True, they've that 16 Horsepower banjo apocalypse vibe going full force on the first song, "Three Bloodhounds Two Shepherds One Fila Brasileiro" a harrowing tale that deals with bloodhounds being set loose on some hapless target, perhaps an escaped prisoner.
However, the very next song takes off with an eye-opening, frantic, almost '90s ska-like beat. The music is fierce and thundering and not very "country." Then the following song "Thy Will Done" gets back to the banjo with an almost raga-like melody and some otherworldly whistle instrument I've yet to identify. The only thing this one lacks is Tuvan throat singers.
That old time religion is a major theme with the Auto Club. The 7-minute "Hallelujah Anyway" is a twisted tale of an arranged wedding. But even better is the closing song, "United Brethren," an emotional song of a preacher losing his congregation to another church -- just as his great-grandfather had experienced. It's not a problem most of us will ever face, but as Munly pleads, "Lord have mercy upon us ..." in his lonesome tenor with just an autoharp behind him, only the the most hard-hearted heathen would be unmoved.
The Swan Silvertones 1946-1951. And speaking of spiritual crisis, the song "A Mother's Cry" on this album starts out with "Oh this world is in confusion .." -- and the listener isn't confused at all. It's the story of a mother whose son is fighting overseas. I would guess Korea.
Yes, those post WWII years covered by this album were confusing times indeed and, probably not coincidentally, great years for Black gospel music as well.
Take "Jesus is God's Atomic Bomb," another tune in this collection. The Silvertones sing, "Oh have you heard about the blast in Japan/How it killed so many people and scorched the land." But it gets scarier. "Oh it can kill your natural body, but the Lord can kill your soul ...'
Yikes!
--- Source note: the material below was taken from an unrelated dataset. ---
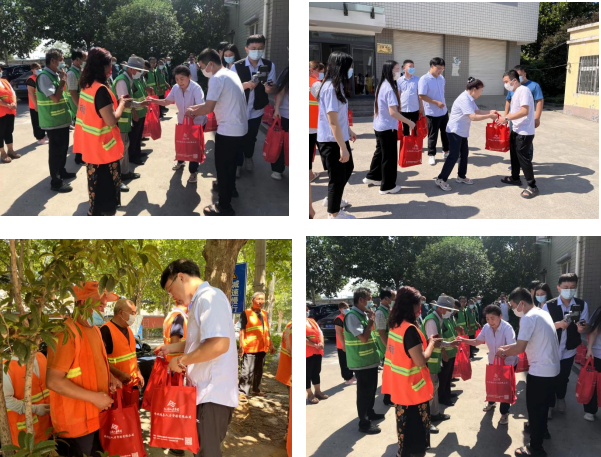 鄭州炎炎夏日,驕陽似火,氣溫持續(xù)攀升,為確保一線外包員工全身心投入到工作中,鄭州鴻易為一線環(huán)衛(wèi)、垃圾清運、綠化維修員工購置了水杯、綠豆、毛巾、香皂等防暑降溫用品。7月28日,時勤莉董事長與公共資源經(jīng)營項目部同事共同前往鄭州市二七區(qū)馬寨工業(yè)園區(qū)市政所、侯寨市政所、櫻桃溝市政所,為奮戰(zhàn)在一線的環(huán)衛(wèi)員工送去了關(guān)懷和清涼。

World in confusion indeed.
The Swan Silvertones was an a capella group led by the great Claude Jeter, a former coal miner from Kentucky who wrote many of the songs here, including the ones I mentioned. This album captured their years at King Records. They weren't as raw sounding as The Five Blind Boys of Mississippi. They didn't have the irresistible personality of Sister Rosetta Tharpe or the sweet grace of Mahalia Jackson. But the Silvertones were solid and credible. And even now, a respite for confusing times.
* The tracks I didn't get last month from Hannibalism! by The Mighty Hannibal. This is not your average obscure lost '60s soul-shouter compilation. This album contains the greatest anti-war song of the Vietnam era that you've never heard. Written and recorded in 1966, "Hymn #5" is a first-person tale of a scared soldier. It's a minor-key moan that sounds like one of the spookiest minor-key gospel songs you can imagine.
"I'm waaaaayyyy over here, crawling' in these trench holes, covered with blood. But one thing that I know, (chorus comes in) There's no tomorrow, there's no tomorrow ..."
There's a sequel that came four years later -- following a stint in prison by Hannibal for tax evasion -- another soldier's-eye-view of the war. It's good, but not a fraction as jolting as "Hymn #5."
I love Hannibal's early dance '60s tunes like "Jerkin' the Dog" (Settle down, Beavis!) and "Fishin' Pole." But I find his religious cautionary tales extremely fascinating. The moral of "The Truth Shall Make You Free" basically is that Jesus can help you kick heroin. Hardly original, but Hannibal sings with wild conviction. He was an addict for some years in the '60s. "There's nothin' I wouldn't do when I needed a fix/ I met the mother of my children goin', turning tricks," Hannibal testifies. And its dark psychedelic/Blaxplotation guitar touches and the "Pappa Was a Rollin' Stone" bass line make you wonder why the song and the singer didn't become better known.
Even wilder is the final song, "Party Life." What can you say about a song that starts out "There was a pimp by my house the other day ..." Next thing you know, said pimp has taken the singer's daughter and she ends up in a hospital in Kentucky in such bad mental condition she doesn't even recognize her own dad. Seriously, people, keep those pimps away from your home!